The company didn't intend to block opera. Also, it's shortsighted to take a
vindictive approach to negotiations if you intend to gain market share.

Opera is a nice browser, but they're deluding themselves if they think they
can get offended when something isn't supported. They have the dubious honor
of being big enough to be known, and small enough to be ignored due to
compatibility issues. (There probably wasn't a check for Konqueror or
IceWeasel).

Opera could have used this as a chance to improve their market share and image
(so less admins get the impression that Opera is an also-ran browser that
nobody needs to support).
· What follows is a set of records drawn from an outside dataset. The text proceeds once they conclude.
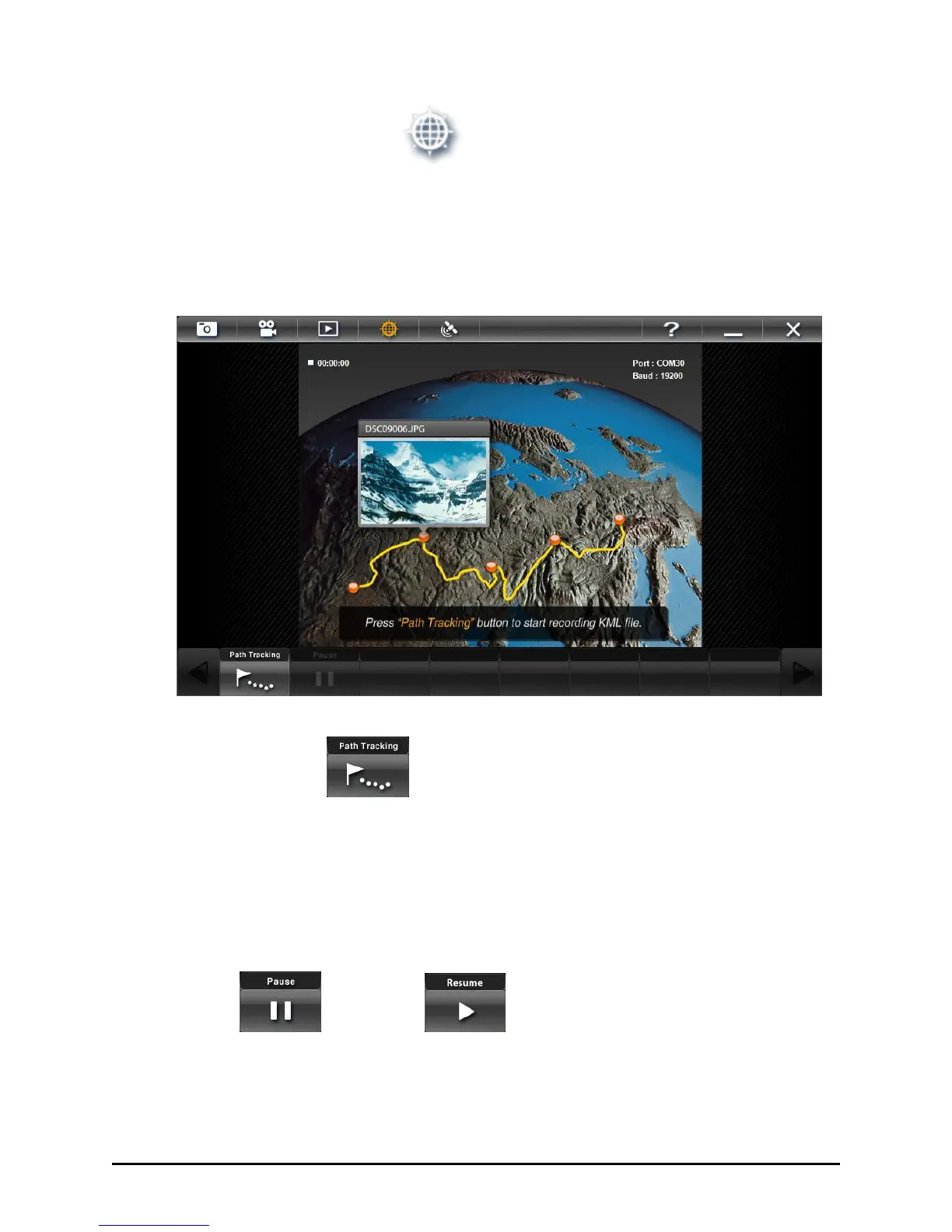 Tap this button to stop tracking and timer count temporarily. Tap the
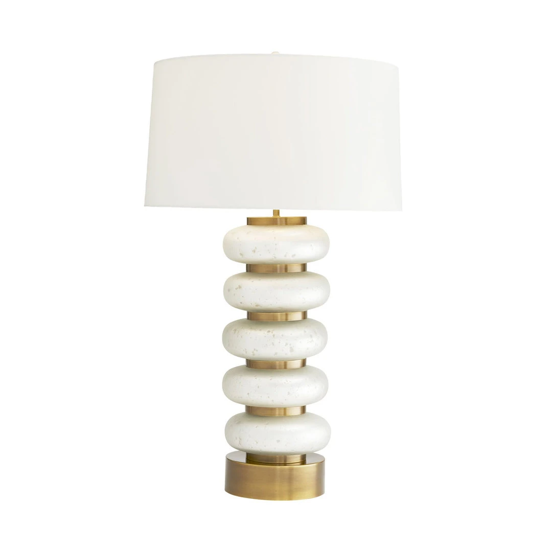 The traditional stacked design of the Gaelen Lamp from Arteriors Home gets an organic, modern update. An antique brass foundation presents stacked mercury glass that perfectly circumnavigates its frame, breaking between pieces to expose the underlying sheen. Each glass ring features a frosted finish to lend a textural element that enhances the overall aesthetic. A great addition to a bedside table. Topped with an off-white linen drum shade with off-white cotton lining and an acrylic sphere with an antique brass finial. *Finish will vary
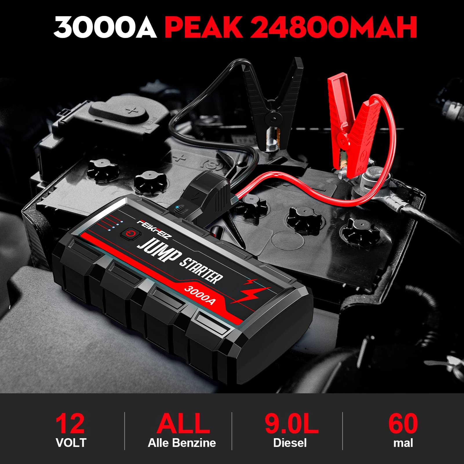 FEIKFEIZ Starthilfe Powerbank 3000A 24800mAh 12V (Wszystkie silniki benzynowe i do 9,0L silników diesla) Auto Starthilfe, Booster do akumulatora samochodowego z latarką LED i wyjściem USB3.0..
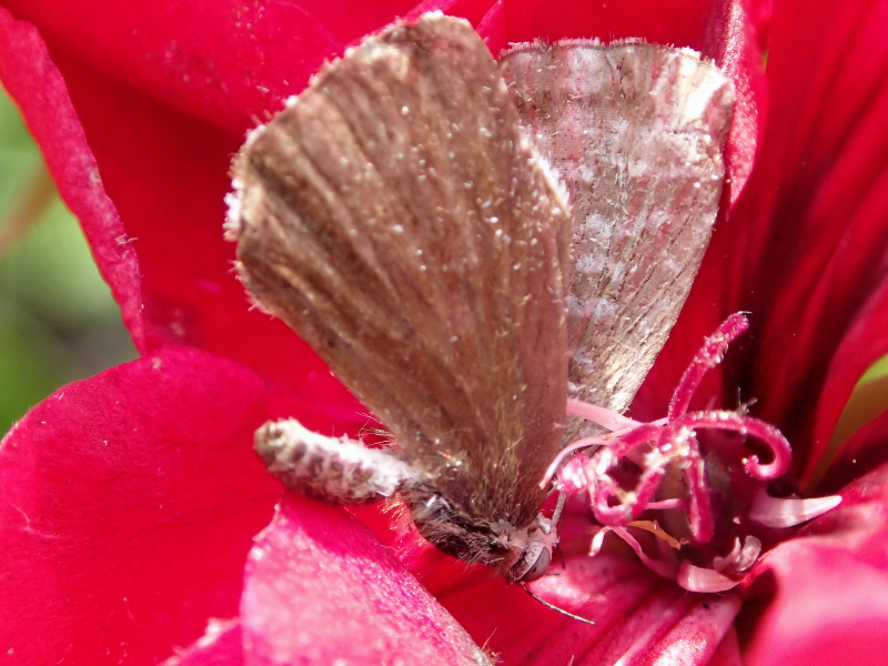 Cacyreus marshalli (Geranium Bronzei) which belongs to the family Lycaenidae, is a butterfly native to South Africa that recently arrived in Italy in the late 1980s (1). It is called "the plague of geraniums and pelargoniums" because of its ability to cause these and other flowers to die by laying eggs in the stems. In England it is called Geranium bronze. The color is in fact dark brown similar to bronze.
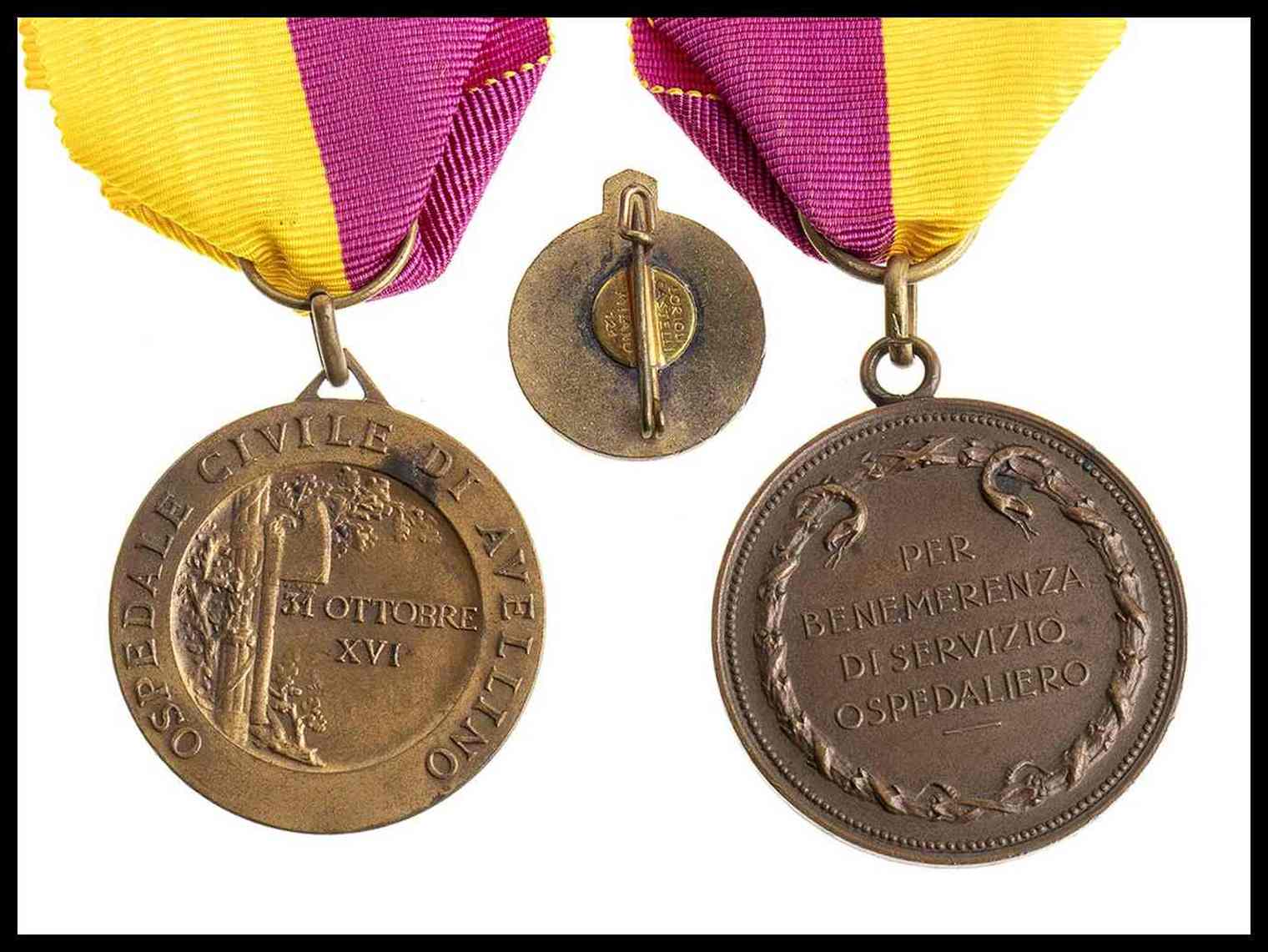 una medaglia di benemerenza ospedaliera degli ospedali riuniti di roma, una dell'ospedale di avellino, entrambe con fasci littori, ed un distintivo
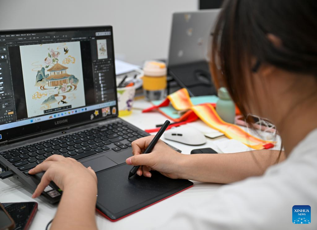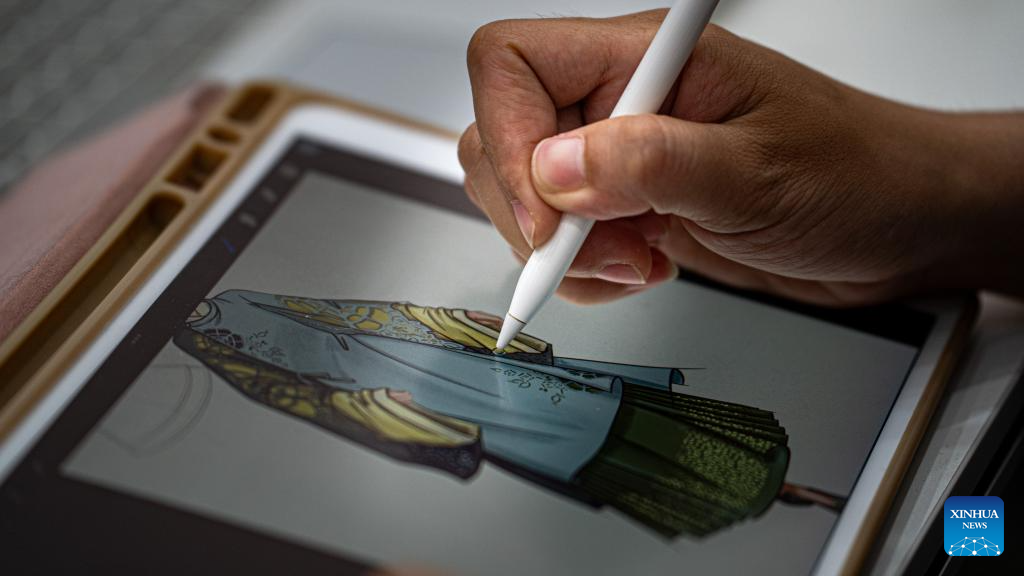 A staff member designs patterns for horse-face skirt, or Mamianqun, at a Hanfu design studio in Caoxian County, east China's Shandong Province, June 18, 2025. (Xinhua/Xu Jiayi)
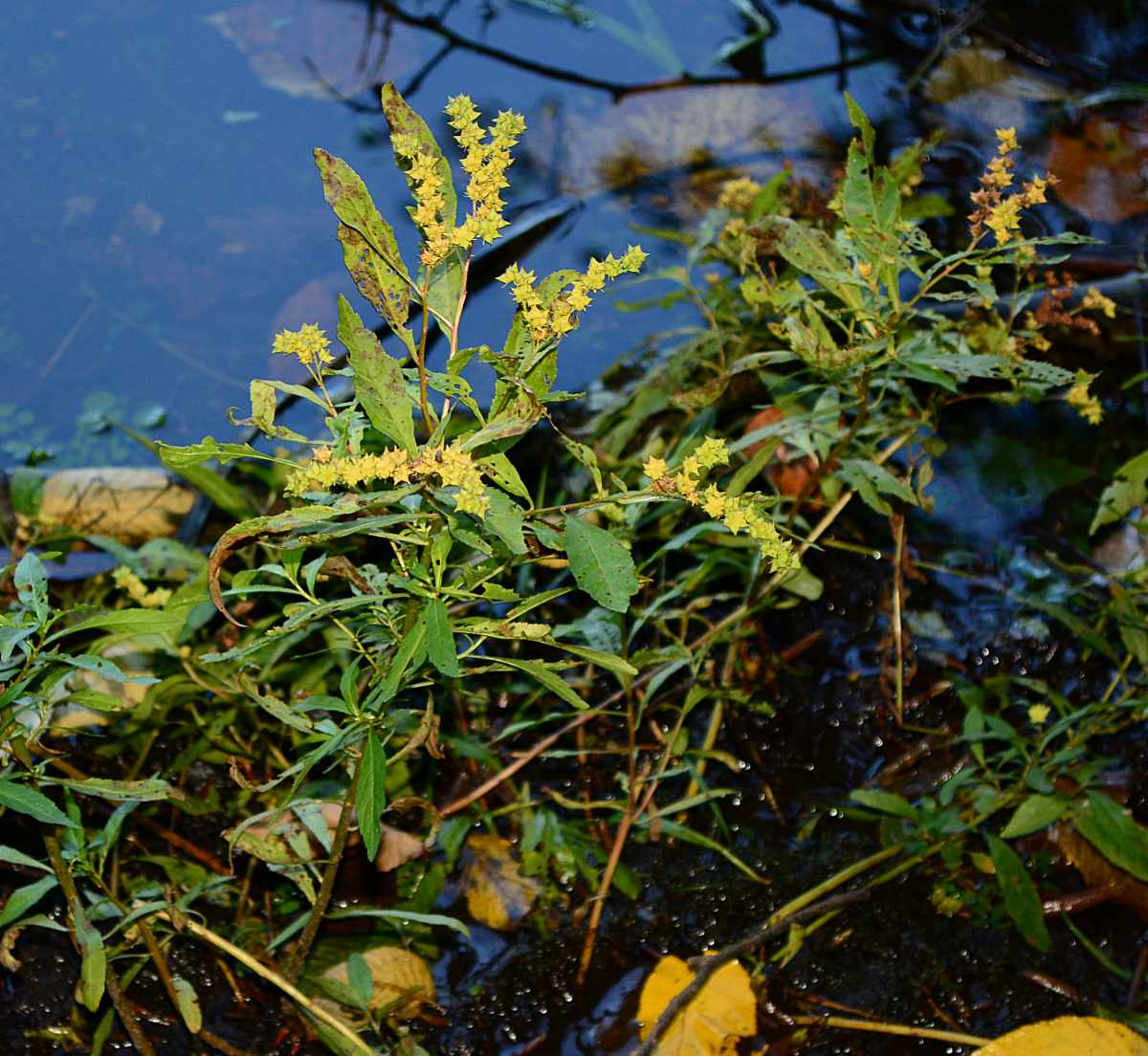 The mystery plant for October is listed as rare in RI. This plant can be found in wet or muddy habitats. It grows from 2” to 30” tall. It is a perennial with rhizomes. The leaves are alternate and toothed. The flowers have 5 sepals (usually no petals) and 5 carpels. The carpels turn red in the fall. It has been placed in its own family.

But losing the contract, especially for an
outsourced component, makes them appear petty.

------
Keyframe
I've done a site about a year or two ago - I don't make websites, but I was
pushed into it. So, client wants modern, slick design, some JS functionality
etc... and in the end I've received an email with a question why doesn't it
work on their windows '95 IE5 computer. I've politely forwarded links to
microsoft site where it states '95 and IE5 are not supported anymore, so why
should I support it then? By that logic I should support commodore 64 browsing
the site.

However, if you are doing an application and you have time/resources/will to
test and develop on one or two browsers, then state it obviously on the
application gateway. This was just a lazy forwarding to error page. MobileMe
does a nice, polite notice if you are there with unsupported browser, check it
out.

------
limmeau
The article links to [http://www.digi.no/504306/her-kjores-egentlig-opera-
mini&...](http://www.digi.no/504306/her-kjores-egentlig-opera-mini&bid=6) for
pictures of the blade server. But that page also reports that they're driving
Opera Mini with... Pike! I thought I'd never hear of Pike again. (insert Kirk
joke if applicable).

------
mieses
is a significant percentage of Opera users non-Swedish?

------
ajross
Seems to me that it's mistitled. It's only an expensive bug if they lost the
contract, and the article doesn't say that. No doubt the parties involved
fixed whatever layout glitch or misconception led to the platform test and
moved on. Contracts that big are expensive for both sides to cancel.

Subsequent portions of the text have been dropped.